Want Android 4.0 on your phone? Move from the U.S.

Android-Ice-Cream-Sandwich

Four months after the introduction of Google Android 4.0, handset makers are starting to update older phones. The software version, known as Ice Cream Sandwich (ICS), currently ships on the Samsung Galaxy Nexus in the U.S. on Verizon’s network; all other Android phones run on the older Gingerbread, or Android 2.3. Samsung and Motorola recently announced upgrade plans, and the U.S. is low on both lists.

On Tuesday, Samsung made good on a prior promise to deliver Android 4.0 sometime in March. ICS for the Galaxy SII handset, Samsung’s top seller to date, is now available in Poland, Hungary, Sweden and Korea. The company says other markets should expect a gradual rollout but offers no specifics as to which markets are next. Additionally, Samsung says the next devices to see the update will be the Galaxy Note and Galaxy SII LTE smartphones along with the Galaxy Tab 8.9 and 10.1 tablets.

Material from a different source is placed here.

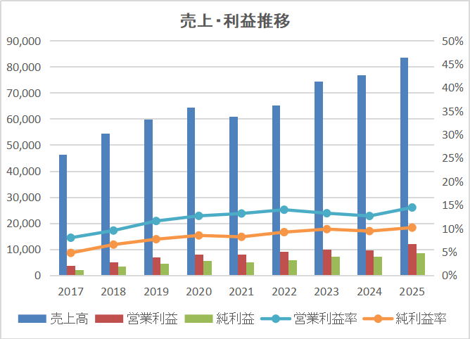 - ROE(自己資本利益率):直近5年間は常に20%を上回る水準(2025年3月期は24.0%)を維持。資本を効率的に活用して利益を生む力は、依然として日本企業トップクラスです。

A few weeks ago, Motorola created a web page to explain the Android upgrade status for all of its devices, along with the four phases used to delivery the software updates. According to that web page, I found, via the Android Guys blog, that the Atrix 4G, Atrix 2 and Photon 4G are the only U.S.-based handsets currently in “Development,” or the second stage. All other phones — the Razr, Razr Maxx, Droid 4 and Bionic — are still in the first stage, sadly dubbed “Evaluation and Planning”. The international version of the Razr, however, is already in development.

I find this approach odd. (And just to cut off any questions of bias, since I am based in the U.S., the topic doesn’t affect me since I bought a Galaxy Nexus with Android 4.0 in November.) In terms of smartphone penetration, the U.S. is among the highest in the world, meaning a large percentage of our population has a smartphone, many of which are Android powered. Wouldn’t these companies get the most “bang for the buck” with U.S. updates?

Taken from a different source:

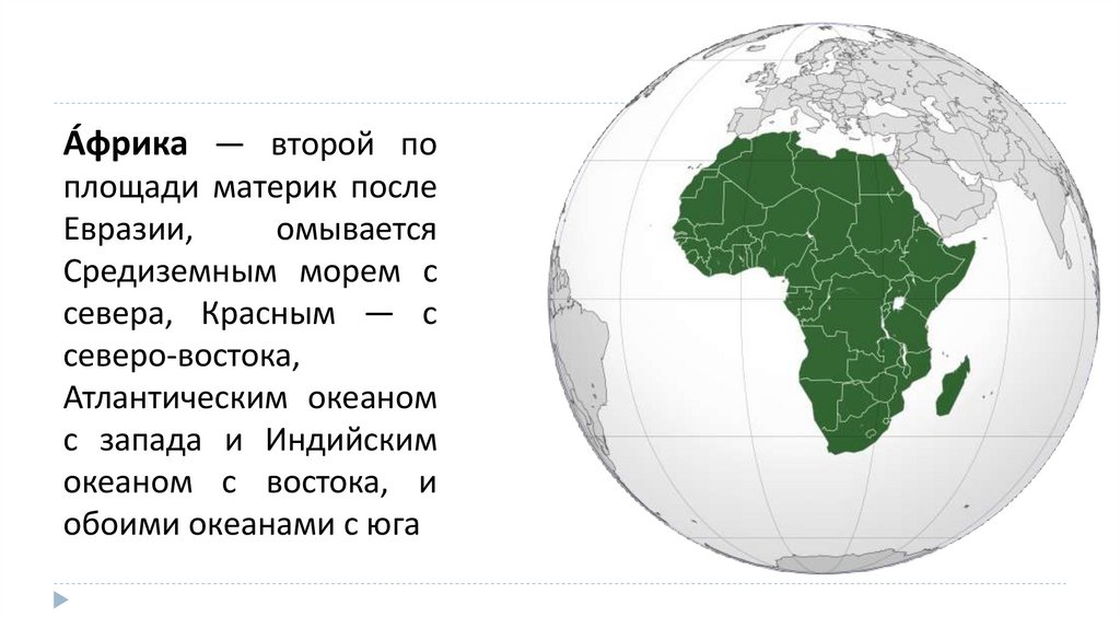 А́фрика — второй поплощади материк после

Perhaps the reason for the lack of U.S.-focus has to do with our carriers. My colleague Kevin Fitchard suggested that it may take the handset makers longer to build the updates for U.S. phones because of the carrier software that requires integration. That sounds plausible, if not disappointing. I’ll have to rely on our overseas readers to tell me whether or not carriers there include their own software on handsets.

Could it be the vast array of hardware options that is holding up the software upgrades? That’s what a Motorola exec recently suggested, and while I see merit in that argument, it doesn’t explain why overseas models are getting upgrades prior to U.S. models. The same hardware components are generally used and aren’t specific to different countries, except in the case of different network technologies. Maybe it’s the U.S.’s move to LTE? Again, that’s doubtful, in my opinion.

For now then, there will be few changes for devices in the U.S., unfortunately — although HTC Sensation owners can take some solace as their update is due out this month. The rest of us will just have to move to Europe, Asia or some other country!